**PROBLEM DETAILS:**
Below are several entries. Transcribe exactly those lines that fall from the one with "VẬT LIỆU BÀN GIAO CĂN HỘ THE SUN" through the one with "切り分けて大皿に盛りつけられた鴨と栗。", end lines included.

**RECORDS:**
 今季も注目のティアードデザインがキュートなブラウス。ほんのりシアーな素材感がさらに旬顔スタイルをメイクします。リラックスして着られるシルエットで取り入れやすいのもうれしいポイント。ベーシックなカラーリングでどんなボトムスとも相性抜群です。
---
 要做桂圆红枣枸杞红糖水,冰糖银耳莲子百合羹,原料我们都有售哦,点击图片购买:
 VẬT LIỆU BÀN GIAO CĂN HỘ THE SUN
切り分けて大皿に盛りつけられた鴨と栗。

**ANSWER SECTION:**
 VẬT LIỆU BÀN GIAO CĂN HỘ THE SUN
切り分けて大皿に盛りつけられた鴨と栗。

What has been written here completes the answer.